What We’re Listening For On Randy Newman

  • Energy for starters. What could be more important than the life of the music?
  • Then: presence and immediacy. The vocals aren’t “back there” somewhere, lost in the mix. They’re front and center where any recording engineer worth his salt would put them.
  • The Big Sound comes next — wall to wall, lots of depth, huge space, three-dimensionality, all that sort of thing.
  • Then transient information — fast, clear, sharp attacks, not the smear and thickness so common to these LPs.
  • Tight punchy bass — which ties in with good transient information, also the issue of frequency extension further down.
  • Next: transparency — the quality that allows you to hear deep into the soundfield, showing you the space and air around all the instruments.
  • Extend the top and bottom and voila, you have The Real Thing — an honest to goodness Hot Stamper.

Vinyl Condition

Mint Minus Minus is about as quiet as any vintage pressing will play, and since only the right vintage pressings have any hope of sounding good on this album, that will most often be the playing condition of the copies we sell. (The copies that are even a bit noisier get listed on the site are seriously reduced prices or traded back in to the local record stores we shop at.)

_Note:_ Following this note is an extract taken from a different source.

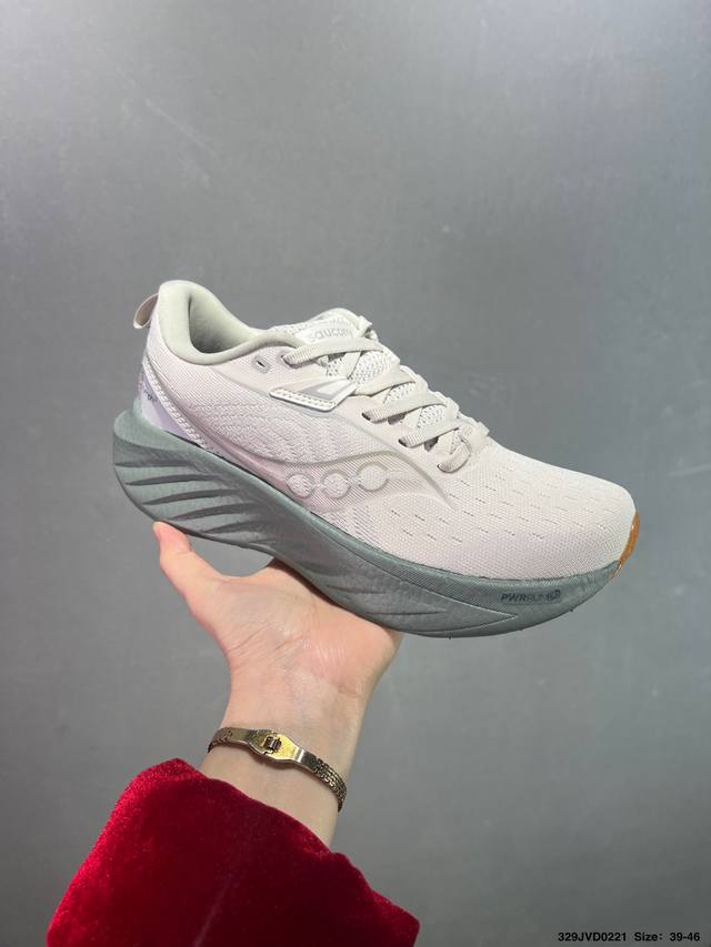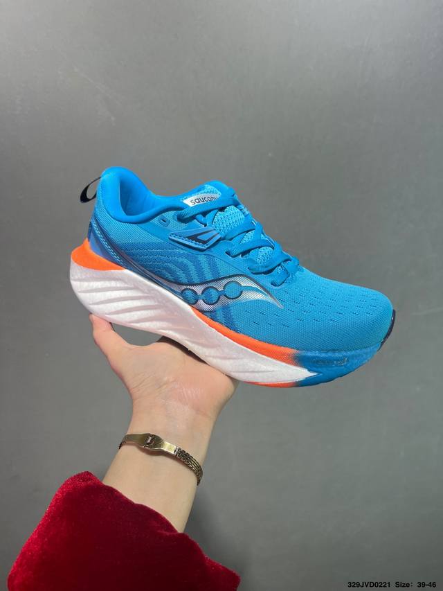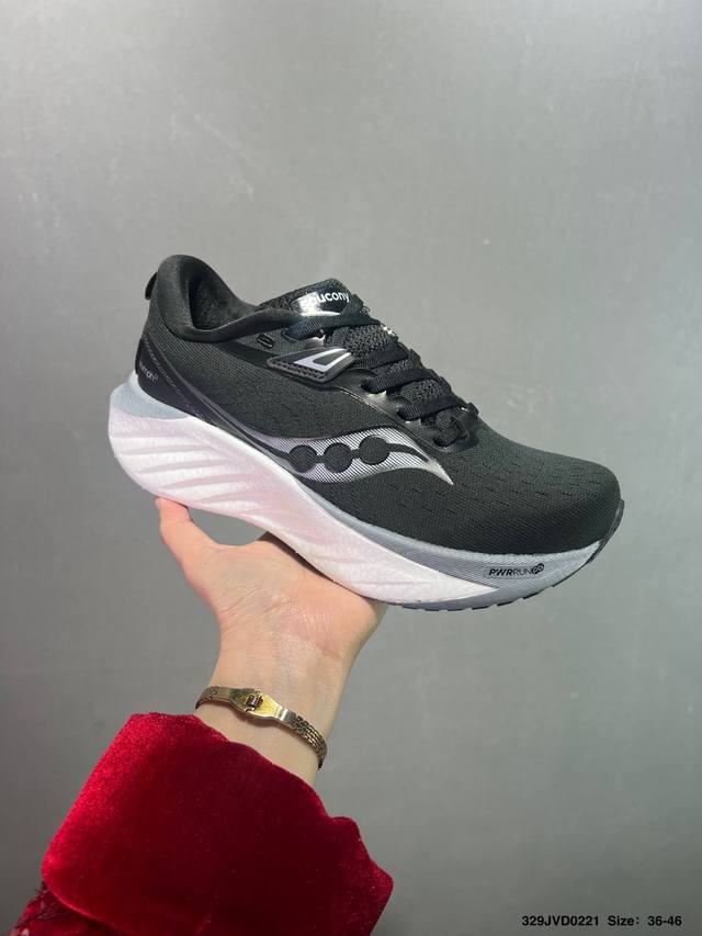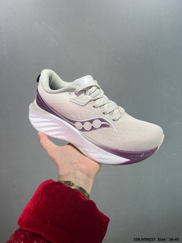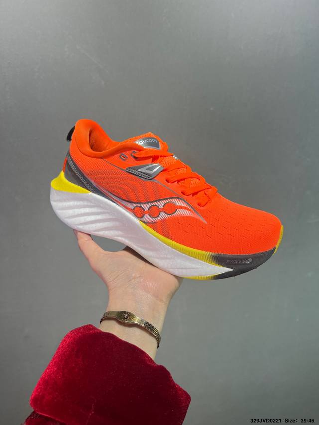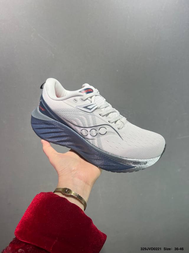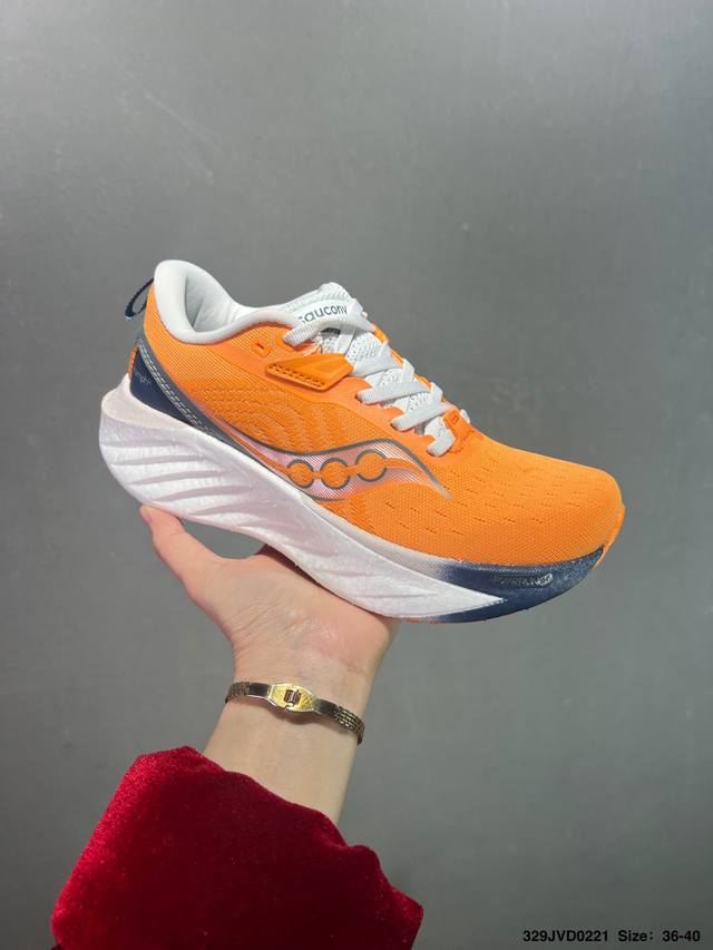 公司级 Saucony Triumph 索康尼胜利旗舰级缓震型跑鞋 性能相比前几代再升级:鞋面采用全新升级的工学网设计 贴合脚部更透气 中底部分使用最新的Pwrrun+材质 搭配Pwrrun+鞋垫使中底的大幅加厚 10Mm坡差进一步提供缓震、回弹性能 内底则采用了Formfit动态适应系统 动态契合脚型 提升包裹性和舒适性 提供更卓越的动态回馈体验 Xt-900橡胶大底 可提供良好的抓地力和较强抗磨性能 Size:35.5 36 36.5 37.5 38 38.5 39 40 40.5 41 42 42.

Those of you looking for quiet vinyl will have to settle for the sound of other pressings and Heavy Vinyl reissues, purchased elsewhere of course as we have no interest in selling records that don’t have the vintage analog magic of these wonderful recordings.

If you want to make the trade-off between bad sound and quiet surfaces with whatever Heavy Vinyl pressing might be available, well, that’s certainly your prerogative, but we can’t imagine losing what’s good about this music — the size, the energy, the presence, the clarity, the weight — just to hear it with less background noise.

TRACK LISTING

Side One

Have You Seen My Baby?
Let’s Burn Down the Cornfield
Mama Told Me Not to Come
Suzanne
Lover’s Prayer
Lucinda
Underneath the Harlem Moon

Side Two

Yellow Man
Old Kentucky Home
Rosemary
If You Need Oil
Uncle Bob’s Midnight Blues

AMG 5 Star Review

On his debut album, Randy Newman sounded as if he was still getting used to the notion of performing his own songs in the studio (despite years of cutting songwriting demos), but apparently he was a pretty quick study, and his second long-player, 12 Songs, was a striking step forward for Newman as a recording artist.

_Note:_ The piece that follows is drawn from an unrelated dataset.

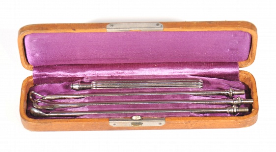 Description: Nickle plated handle and three currette attachments all with hole through center to allow fluid to flow. Handle is 4” and attachments are 6.25”. All contained in a leatherette covered box, 7“x 1“x 1.75.” Labeled Set of 3 Rinsing Curettes. Nickle plating became common after sterilization techniques were established.

While much of Randy Newman was heavily orchestrated, 12 Songs was cut with a small combo (Ry Cooder and Clarence White take turns on guitar), leaving a lot more room for Newman’s Fats Domino-gone-cynical piano and the bluesier side of his vocal style, and Randy sounds far more confident and comfortable in this context.

And Newman’s second batch of songs were even stronger than his first (no small accomplishment), rocking more and grooving harder but losing none of their intelligence and careful craft in the process. “Have You Seen My Baby?” and “Mama Told Me Not to Come” are a pair of sly, updated New Orleans-style rockers (both of which would be much-covered in the coming years); “Let’s Burn Down the Cornfield” and “Suzanne” are subtly ominous tales of love and sex; “Yellow Man” was an early meditation on one of Newman’s favorite themes, the absurdity of racial prejudice (which he would also glance at in his straight-but-twisted cover of “Underneath the Harlem Moon”); and “My Old Kentucky Home” is a hilarious and quite uncharitable look at life in the deep South (another theme that would pop up in his later work).

Newman’s humor started getting more acidic with 12 Songs, but here even his most mordant character studies boast a recognizable humanity, which often make his subjects both pitiable and all the more loathsome. Superb material brilliantly executed, 12 Songs was Randy Newman’s first great album, and is still one of his finest moments on record.